ERF Buys into Wireless Banking

By Adam Stone

February 27, 2007

The company purchases WISPs in order to (among other things) drag banks into the digital, wireless age.

In the eternal struggle between build-it and buy-it, Dr. H. Dean Cubley has gone off the deep end. It's all about the buying, and it’s a strategy that seems to working.

As chairman and CEO of publicly-held ERF Wireless, Cubley has been busy buying up all the pieces he needs to deliver wireless connectivity to the banking industry -- and the industry is responding.

Founded in 2004, ERF Wireless had barely opened its doors before it made the first of what have been eight acquisitions to date, the most recent being Home Wireless Company of Kemah, Texas. That first company, SkyView USA, had already carved out a space delivering wireless services to the regional banking industry.

“They had found a market niche with no competition,” Cubley says.

Coincidentally, ERF Wireless had been looking for something to buy. As Cubley saw it, consolidation was the only sensible growth pattern in the world of WISPs, where mom-'n-pop operations had all but topped out.

“The owners are not paying themselves what they are worth: they are pouring in money just to keep the business going,” Cubley says. “They can have 1,000 subscribers and still not be giving themselves even a token salary.”

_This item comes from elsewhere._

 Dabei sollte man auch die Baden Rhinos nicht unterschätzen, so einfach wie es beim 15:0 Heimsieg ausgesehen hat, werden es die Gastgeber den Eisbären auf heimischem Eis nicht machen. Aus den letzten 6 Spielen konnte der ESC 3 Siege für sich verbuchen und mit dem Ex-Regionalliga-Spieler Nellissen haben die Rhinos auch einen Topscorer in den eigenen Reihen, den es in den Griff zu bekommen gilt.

Cubley has been more than happy to relieve them of the burden. His company’s acquisitions have helped it gain a stronghold in the banking industry, where, he says, wireless can resolve significant logistical issues.

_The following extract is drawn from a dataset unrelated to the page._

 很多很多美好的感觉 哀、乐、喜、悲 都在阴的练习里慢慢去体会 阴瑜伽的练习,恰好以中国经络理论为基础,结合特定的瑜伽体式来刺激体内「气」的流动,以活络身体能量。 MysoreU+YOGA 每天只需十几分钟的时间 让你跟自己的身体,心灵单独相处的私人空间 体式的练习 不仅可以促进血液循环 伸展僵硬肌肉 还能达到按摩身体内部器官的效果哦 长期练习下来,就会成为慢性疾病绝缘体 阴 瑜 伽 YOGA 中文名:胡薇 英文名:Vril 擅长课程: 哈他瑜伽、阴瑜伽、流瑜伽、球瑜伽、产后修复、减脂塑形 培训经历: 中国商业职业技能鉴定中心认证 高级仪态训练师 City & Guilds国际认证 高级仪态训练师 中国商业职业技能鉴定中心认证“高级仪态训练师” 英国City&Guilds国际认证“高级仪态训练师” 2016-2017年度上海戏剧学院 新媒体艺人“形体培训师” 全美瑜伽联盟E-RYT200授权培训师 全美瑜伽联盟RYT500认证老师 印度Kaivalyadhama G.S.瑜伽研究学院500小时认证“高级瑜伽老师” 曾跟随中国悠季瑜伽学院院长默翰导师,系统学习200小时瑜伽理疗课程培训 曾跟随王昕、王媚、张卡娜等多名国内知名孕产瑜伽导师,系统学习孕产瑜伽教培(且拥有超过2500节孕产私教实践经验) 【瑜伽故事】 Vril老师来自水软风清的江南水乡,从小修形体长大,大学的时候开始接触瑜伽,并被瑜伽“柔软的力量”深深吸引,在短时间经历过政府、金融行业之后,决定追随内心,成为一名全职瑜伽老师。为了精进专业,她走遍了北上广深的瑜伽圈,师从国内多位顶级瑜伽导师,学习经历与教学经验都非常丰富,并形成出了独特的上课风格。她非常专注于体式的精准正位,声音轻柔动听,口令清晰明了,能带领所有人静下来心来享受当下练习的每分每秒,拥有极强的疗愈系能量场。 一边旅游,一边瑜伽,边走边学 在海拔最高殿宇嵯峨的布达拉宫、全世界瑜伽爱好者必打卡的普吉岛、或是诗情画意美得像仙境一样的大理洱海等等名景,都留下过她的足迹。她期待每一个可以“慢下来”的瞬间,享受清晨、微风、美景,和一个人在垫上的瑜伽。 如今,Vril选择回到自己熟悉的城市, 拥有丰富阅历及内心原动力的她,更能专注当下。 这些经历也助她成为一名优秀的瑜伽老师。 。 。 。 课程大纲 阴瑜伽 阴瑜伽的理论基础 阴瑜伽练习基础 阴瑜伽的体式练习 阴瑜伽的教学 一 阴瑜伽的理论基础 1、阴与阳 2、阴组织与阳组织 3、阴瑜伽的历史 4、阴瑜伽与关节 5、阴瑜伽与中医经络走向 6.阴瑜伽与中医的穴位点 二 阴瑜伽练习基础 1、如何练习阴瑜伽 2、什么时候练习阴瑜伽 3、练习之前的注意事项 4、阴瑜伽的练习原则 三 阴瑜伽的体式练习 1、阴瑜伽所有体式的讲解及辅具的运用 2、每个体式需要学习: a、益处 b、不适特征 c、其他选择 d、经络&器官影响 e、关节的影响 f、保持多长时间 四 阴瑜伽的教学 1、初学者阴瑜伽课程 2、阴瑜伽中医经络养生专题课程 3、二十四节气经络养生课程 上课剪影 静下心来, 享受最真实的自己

“Traditionally, when you deposit a check at the branch, you have to be there before three o’clock -- then the bank has to close at three o’clock in order to take those checks and physically carry them back to the operations center, which might be 100 miles away,” he says.

Using relays every 35 miles, Cubley can build a wireless network from branch to ops center, making it possible to scan the checks and save the drive.

In addition to providing the wireless connection, ERF Wireless also maintains the networks and handles any service issues that may arise. Here, too, Cubley has found acquisition to be the most effective method for getting to the finish line.

Among the wireless providers he has acquired, “they have all the talents, the tools and technicians that are required to maintain these networks,” he says. “Everywhere we have a bank presence is where we are looking for wireless companies to buy.”

With operations in southern Louisiana, Missouri and Texas, Cubley says he is confident about winning future business. For example, ERF Wireless just bought a WISP covering 20,000 square miles around Lubbock, Texas. It’s true the company has no bank customer lined up there yet, but Cubley says that with the network in place, a customer will follow shortly.

“There is a bank right in the middle of that where we are confident of closing the deal,” he says.

Cubley does not buy blind. He typically will watch a company for one to two years before moving to acquire. Ideally, the target firm will be competent but overstretched.

“Every one of them has a customer service department, every one has to do their own billing; they are duplicating these functions over and over, and for a small business there is just too much of a cost to doing that,” he says. By consolidating, ERF Wireless gets all the competence at a fraction of the cost.

However, the numbers are not exactly stellar here. From $320,000 in its first year, the company has grown to almost $2 million, but still is running in the red. (Cubley hopes to be in the black this year.) On the other hand, the approach has strong backing, with a $4.5 million investment from Cubley’s family (“My mother is the largest stockholder in this company,” he says) along with $1.5 million from a hedge fund and another $1 million from a private placement to high net worth individuals.

Even as he builds his network of banks, Cubley has an ace in the hole.

Motorola provides the hardware for this venture, and has shown strong support, writing three white papers on the ERF Wireless effort. Cubley engages Motorola technicians to handle his installations. When it comes to building credibility, Cubley said, it helps to have a big-time player like Motorola in your corner.

“We definitely are pleased that Motorola has taken this interest in us,” he says.